§ **EXERCISE GOAL**
A word-for-word copy of the listing is what's needed; leave out every image.

§ **SOURCE MATERIAL**
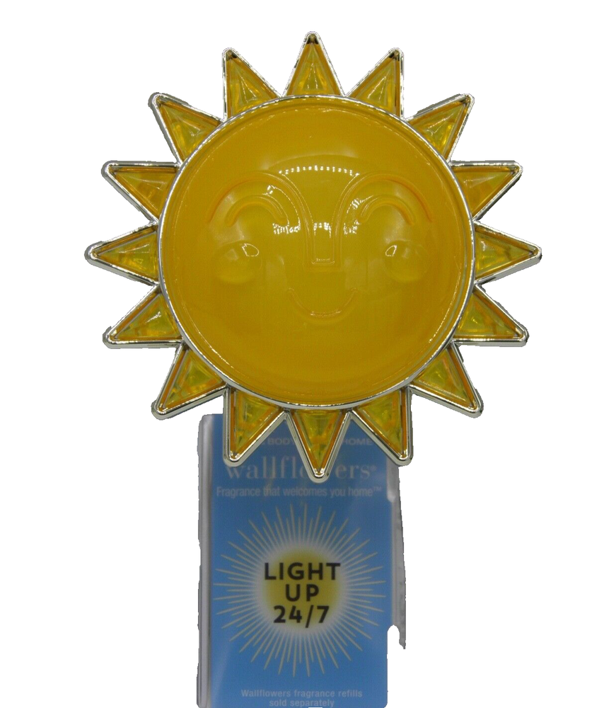 Bath & Body Works SUN Nightlight Wallflower Plug To get started, twist right (clockwise) to uncap the refill and twist left (counter-clockwise) to attach it to the plug. Always keep your plug and fragrance refill upright. (Bonus: our rotating plug lets you use a vertical or horizontal outlet!) Because Wallflowers refills contain fragrance oils that may damage finished surfaces and some plastics, always keep a 12" clearance above your plug to prevent damage to surrounding surfaces. This listing is NOT sponsored by, affiliated with, or representative of the mentioned brand(s), trade name(s), or trademark(s) and does not claim any ownership of such. All trademarks or brands mentioned in this listing are registered trademarks of their original owners who reserve all their rights and ownership. The use or mention of any trade name, product name, or trademark is necessary and for identification and is for reference purposes only. Mailing Address - We will ONLY ship to the address on file with eBay. Before making a purchase, please ensure that your address is correct. We may otherwise cancel the sale. Handling Time - Our handling time is set to THREE BUSINESS DAYS. We ship packages Monday - Friday, except on holidays.
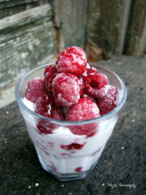 A karácsonyi apró süti gyártásban nem árt egy szusszanásnyi levegőt venni, nehogy "sütiundort " kapjunk. Tartottam egy sütimente napot: a fagyasztóban mindig lapul télire eltett málna, ebből készítettem ezt a selymesen kényeztető, frissítő finomságot. Az eredeti ötlet Stahl Judittól származik, ő használt hozzá. Mivel nálunk az a fő kedvenc, hamar kiettük a mélyhűtőből, ezért - kizárásos alapon - maradt a málna. Amúgy ezzel is nagyon-nagyon finom. :-))) Amit szerintem még érdemes kipróbálni az az erdei gyümölcsös, áfonyás, esetleg szedres, szamócás változata...
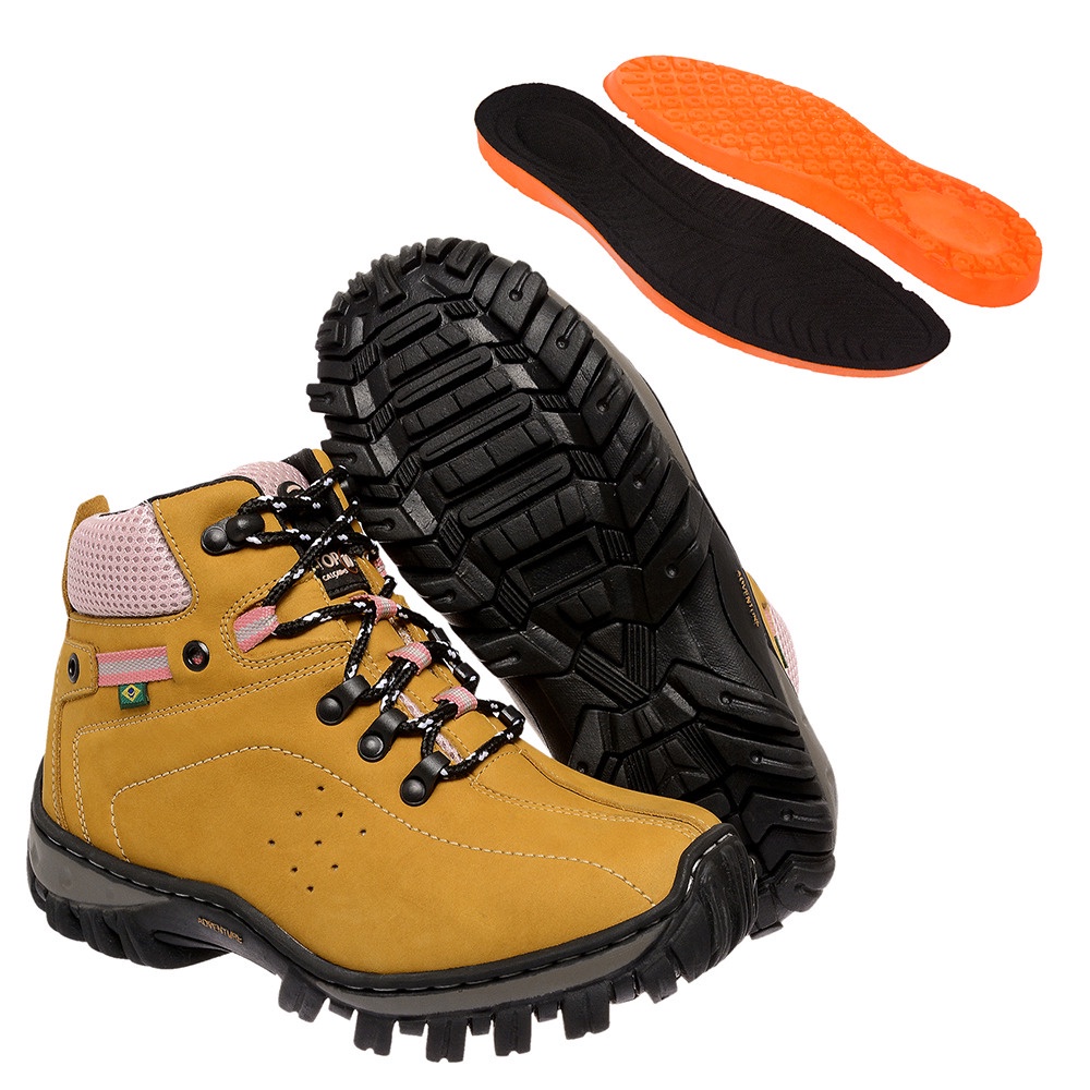 Bota Coturno Feminino Adventure Amarelo Rosa em Couro e Solado Very well made.

§ **SOLUTION TO THE PROBLEM**
 Bath & Body Works SUN Nightlight Wallflower Plug To get started, twist right (clockwise) to uncap the refill and twist left (counter-clockwise) to attach it to the plug. Always keep your plug and fragrance refill upright. (Bonus: our rotating plug lets you use a vertical or horizontal outlet!) Because Wallflowers refills contain fragrance oils that may damage finished surfaces and some plastics, always keep a 12" clearance above your plug to prevent damage to surrounding surfaces. This listing is NOT sponsored by, affiliated with, or representative of the mentioned brand(s), trade name(s), or trademark(s) and does not claim any ownership of such. All trademarks or brands mentioned in this listing are registered trademarks of their original owners who reserve all their rights and ownership. The use or mention of any trade name, product name, or trademark is necessary and for identification and is for reference purposes only. Mailing Address - We will ONLY ship to the address on file with eBay. Before making a purchase, please ensure that your address is correct. We may otherwise cancel the sale. Handling Time - Our handling time is set to THREE BUSINESS DAYS. We ship packages Monday - Friday, except on holidays.
 A karácsonyi apró süti gyártásban nem árt egy szusszanásnyi levegőt venni, nehogy "sütiundort " kapjunk. Tartottam egy sütimente napot: a fagyasztóban mindig lapul télire eltett málna, ebből készítettem ezt a selymesen kényeztető, frissítő finomságot. Az eredeti ötlet Stahl Judittól származik, ő használt hozzá. Mivel nálunk az a fő kedvenc, hamar kiettük a mélyhűtőből, ezért - kizárásos alapon - maradt a málna. Amúgy ezzel is nagyon-nagyon finom. :-))) Amit szerintem még érdemes kipróbálni az az erdei gyümölcsös, áfonyás, esetleg szedres, szamócás változata...
 Bota Coturno Feminino Adventure Amarelo Rosa em Couro e Solado Very well made.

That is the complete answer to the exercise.